Baidu's class names, like title-box_4YBsj and content-right_2s-H4, carry a generated suffix that changes when Baidu redeploys its front end. Treat the selectors above as a starting template, not a contract. When a field comes back empty for every result, re-inspect a live page in your browser's dev tools and update the selector. Periodic selector maintenance is normal for any production scraper, not a sign something is broken.

Step 3: Put it together

Now wire the fetch and the parse into one runnable script. Crawl the rendered results page, hand the HTML to the parser, and write the structured output to JSON. Setting ensure_ascii=False keeps Chinese characters readable in the file instead of escaping them into \u sequences.

python
import json
import requests
from bs4 import BeautifulSoup

API_TOKEN = "YOUR_CRAWLBASE_TOKEN"
API_ENDPOINT = "https://api.crawlbase.com/"

def crawl(url):
    params = {"token": API_TOKEN, "url": url}
    response = requests.get(API_ENDPOINT, params=params)
    response.raise_for_status()
    data = json.loads(response.text)
    if data["original_status"] != 200:
        raise Exception(f"Unable to crawl '{url}'")
    return data["body"]

def scrape_html(html):
    soup = BeautifulSoup(html, "html.parser")
    page_title = soup.title.string if soup.title else None
    search_input = soup.find("input", {"name": "wd"})
    search_query = search_input.get("value", "") if search_input else ""

    results = []
    for position, block in enumerate(soup.select("div.title-box_4YBsj"), start=1):
        heading = block.select_one("h3.t")
        link = block.select_one("a[href]")
        snippet = block.find_next("div", class_="content-right_2s-H4")
        if not heading or not link:
            continue
        results.append({
            "position": position,
            "title": heading.get_text(strip=True),
            "url": link["href"],
            "snippet": snippet.get_text(strip=True) if snippet else None,
        })

    return {"pageTitle": page_title, "searchQuery": search_query, "results": results}

def main():
    url = "https://www.baidu.com/s?ie=utf-8&wd=%E8%8B%B9%E6%9E%9C%20iPhone"
    html = crawl(url)
    data = scrape_html(html)
    with open("baidu_results.json", "w", encoding="utf-8") as f:
        json.dump(data, f, ensure_ascii=False, indent=2)
    print(f"Saved {len(data['results'])} results")

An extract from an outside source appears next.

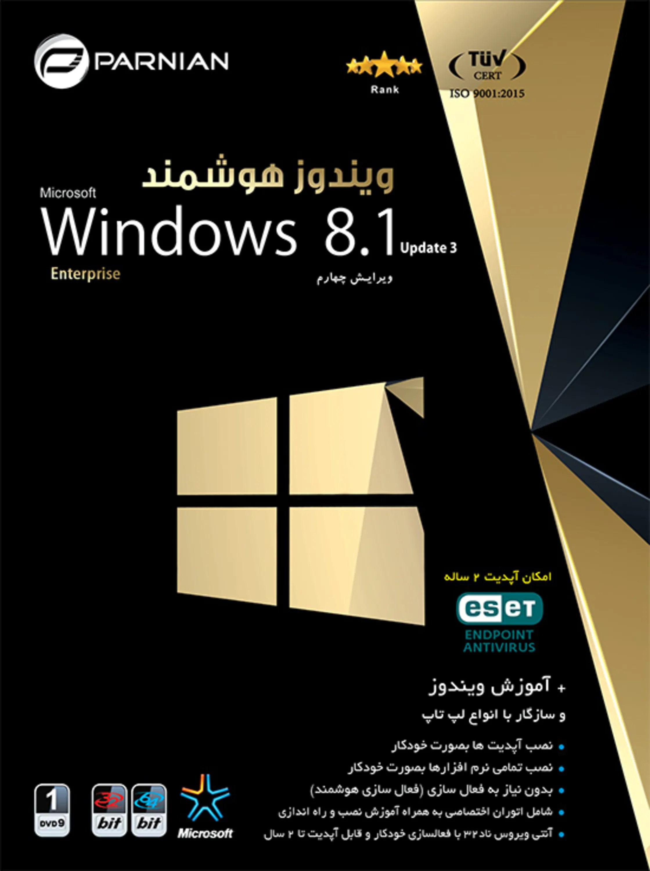 آخرین نسخه ویندوز 8.1 آپدیت 3 ارائه شده توسط شرکت مایکروسافت ، نصب پیش فرض نرم افزار مهم و کاربردی اینترنت اکسپلورر 11 ، به همراه آخرین آپدیت ها و NET Framework 3.5. ، سریع تر شدن بوت ویندوز 8.1 به میزان 30 درصد بیشتر ، دی وی دی Bootable جهت نصب ویـندوز از طـریق بوت ، بدون محدودیت نصب، محدودیت زمانی و امکان آپدیت ویندوز از طریق اینترنت بصورت مستقیم از سایت مایکروسافت و...

if __name__ == "__main__":
    main()

Run the full script with python main.py. It fetches the results page for "苹果 iPhone", extracts a record for each organic listing, and writes everything to baidu_results.json. The same two functions are all you need: swap the query in the URL and the parser handles whatever comes back.

What the output looks like

You get a clean structured object with the page title, the echoed search query, and an ordered list of results, ready to write to JSON, CSV, or a database.

json
{
  "pageTitle": "苹果 iPhone_百度搜索",
  "searchQuery": "苹果 iPhone",
  "results": [
    {
      "position": 1,
      "title": "Apple (中国大陆) - 官方网站",
      "url": "http://www.baidu.com/link?url=abc123",
      "snippet": "探索 iPhone、iPad、Mac 等 Apple 产品的全新阵容。"
    },
    {
      "position": 2,
      "title": "iPhone - 维基百科",
      "url": "http://www.baidu.com/link?url=def456",
      "snippet": "iPhone 是苹果公司设计和销售的智能手机系列。"
    }
  ]
}

Note that result URLs come back as baidu.com/link?url=... redirect links rather than the final destination. That is how Baidu serves outbound clicks. If you need the real target, follow each redirect with a separate request, but do it sparingly and at low volume so you are not multiplying your traffic against Baidu.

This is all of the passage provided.